As a consequence of this principle, an assignment like v[i]:=x is really an assignment to the name v; this value is replaced by a value differing only at index i from the value it previously held.

(There is one way a function f can alter values of names of its caller g, but this requires that f be defined as a local function inside the body of g. Now f can, apart from its own parameters and local variables, can also “see” the names of g that are accessible at the point where f is defined, and just like any subexpression of the body of g, the body of f can assign to those names.)

In some cases it is desirable to introduce a name, but to forbid any form of assignment to that name; for instance if the value of a global variable is used inside a function, it can be important to ensure that the value obtained is that at the time the function was defined. Such constant names can be introduced by prefixing the name by ‘!’, as in ‘set !s = Split:(0,1)’ (this applies to local names as well as to global ones, and to function parameters, and also to components of a pattern matching a tuple value). Names introduced locally in loops (as described below) are automatically considered constant in this sense, since assigning to them has little effect and is usually an error.

As a convenience one can write ‘x +:= y’ instead of ‘x := x + y’, and similarly for any operator in the place of ‘+’, so in the above examples one could say i+:=1 and n-:=1. This is a transformation performed in the parser, so ‘+:=’ is not really an operator (and is composed of separate ‘+’ and ‘:=’). It should be noted that this requires a simple variable as left operand: the parser will reject for instance v[i]+:=1; this should be written v[i]:=v[i]+1.
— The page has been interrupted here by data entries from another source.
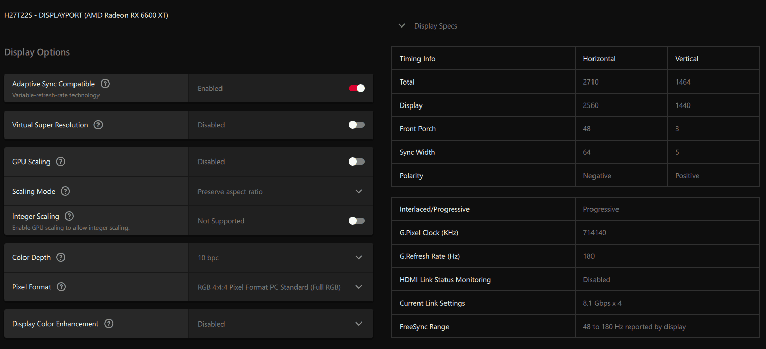 | Adaptive-Sync | FreeSync (48-180Hz) |
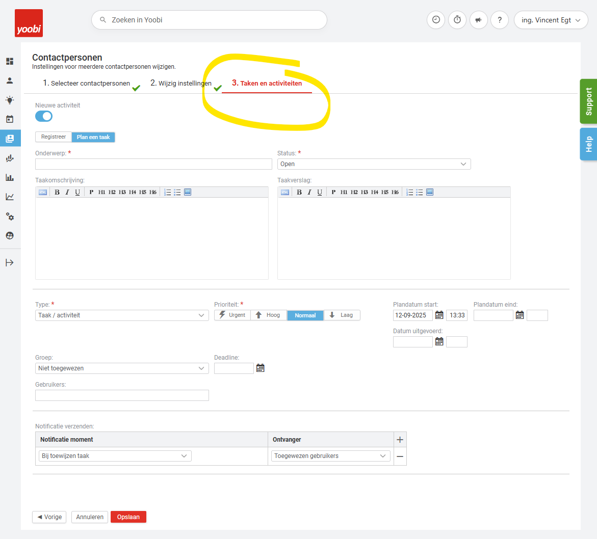 Vanaf 12 September 2025 ondersteunt de bulkmutatie Contactpersonen bij de CRM module oók taken aanmaken.
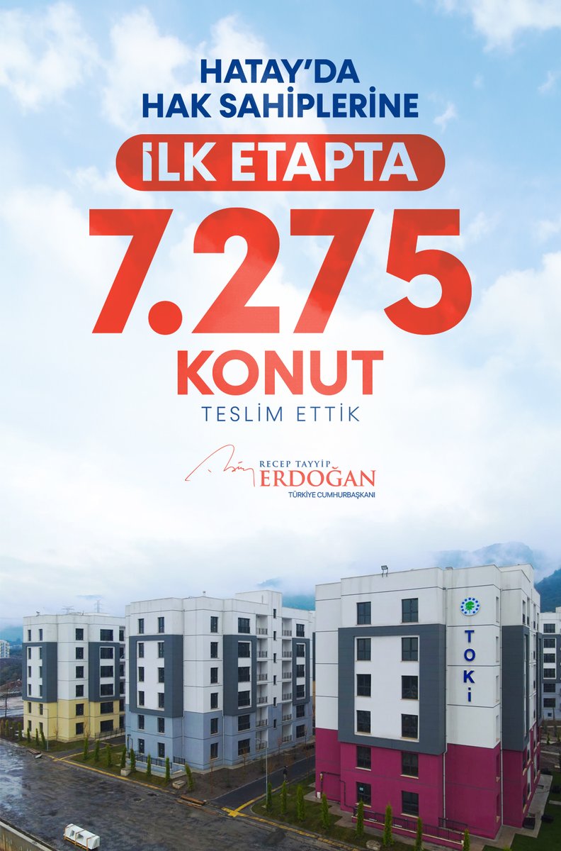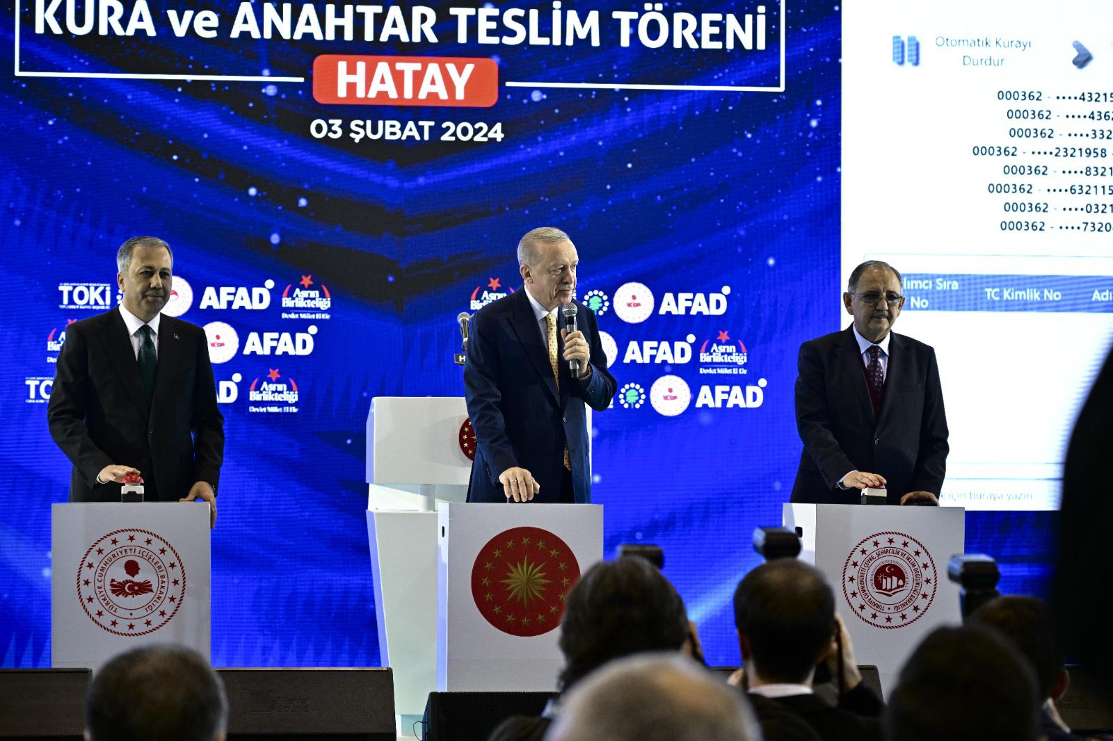 “Hatay’daki kura törenimizle 6.572’si il ve ilçe merkezlerimizde, 703’ü kırsalda olmak üzere ilk etapta toplam 7.275 konutu hak sahiplerine teslim ettik.
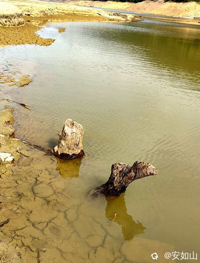 沧海桑田,今年水库放干水维修水坝,湖底干涸的区域很大,我们是从公平往下的一个口子下湖底的,这里不收费,车也开得更远,湖底能看见过去的村庄房基和原石子路,有老坟,残桥,因为是集体行动,我们只是草草的看了一下,算是到点打卡。最近在坛里看帖,关于青狮潭的片片很多也很美,有红衣美女和无人机确实能拍出精彩片片,我的手机记录了我的眼中风景,晒出
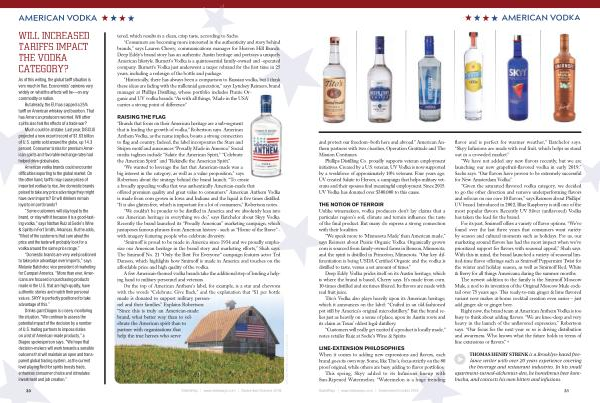 Right now , the brand team at American Anthem Vodka is too busy to think about adding flavors . “ We are knee-deep and very heavy in the launch of the unflavored expression ,” Robertson says . “ Our focus for the next year or so is driving distribution and awareness . Who knows what the future holds in terms of line extensions or flavors .” •
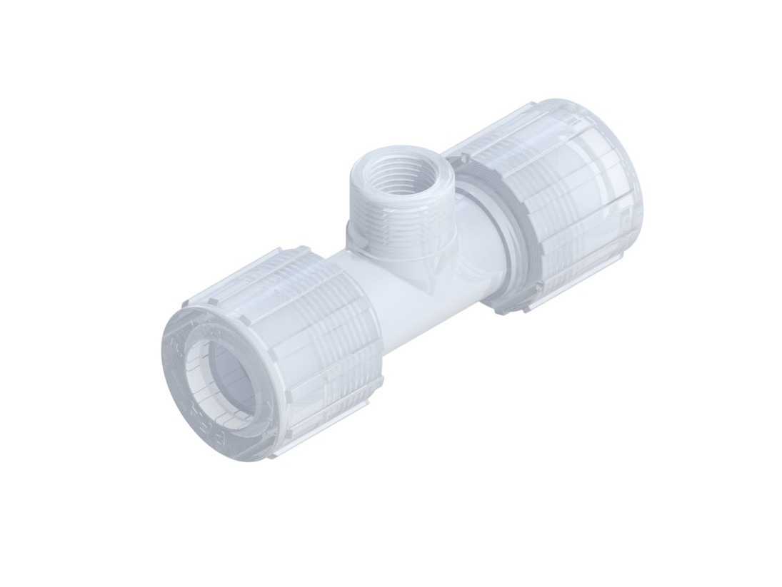 FEMALE BRANCH TEE, 1″ F X 1/2″ FNPT X 1″ F W/ PFA NUTS
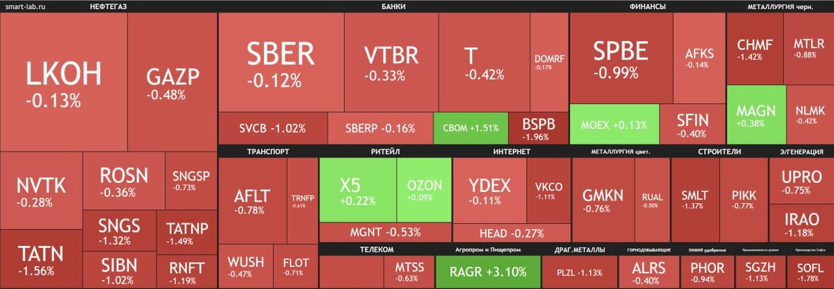 IMOEX после мощного импульса трех дней решает все-таки остыть, снижаясь с утра на 0,5
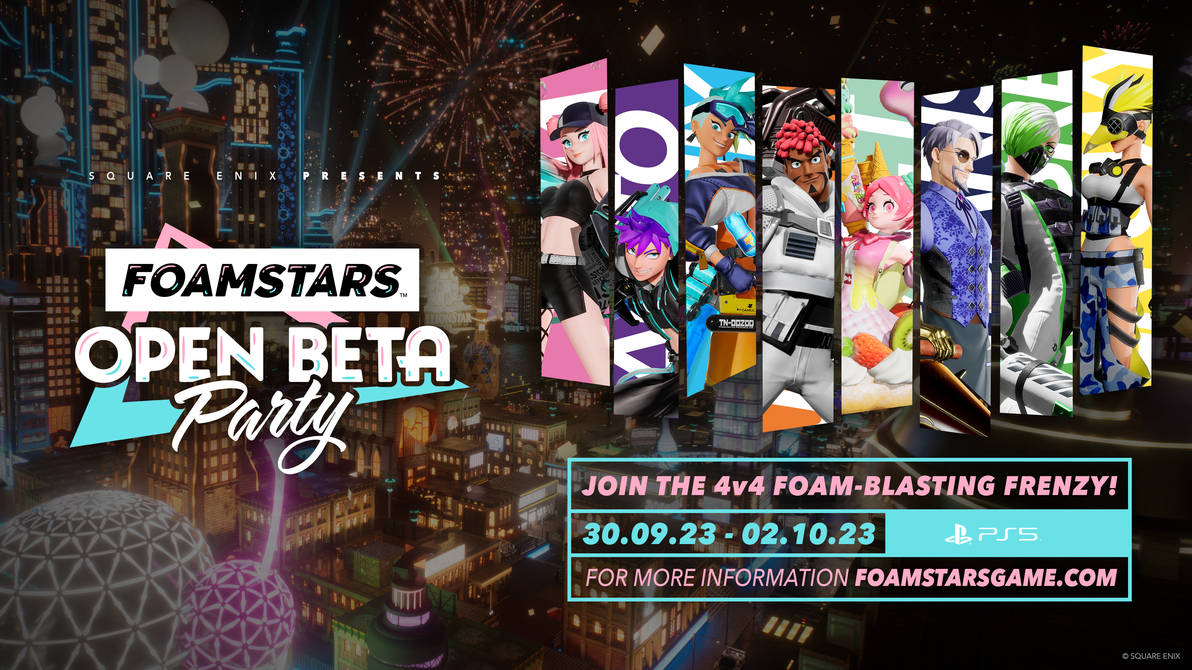 Square Enix gibt bekannt, dass die Foamstars Open Beta Party dieses Wochenende am Samstag um 03:00 Uhr startet. Alle PlayStation 5-Spieler können kostenlos bei der Open Beta Party des neuen 4-gegen-4-Schaumparty-Shooters teilnehmen, die im PlayStation Store als Download zur Verfügung stehen wird.

The rules for assignment are quite different from the introduction of a variable (by ‘set’ or ‘let’): the variable must have been introduced beforehand, and the value assigned must have the same type as the previously held value. An assignment need not be used exclusively for the change to its variable it causes; it is also a subexpression in its own right whose value is the value assigned (both for ordinary and for component assignments); we already used this fact in the examples above.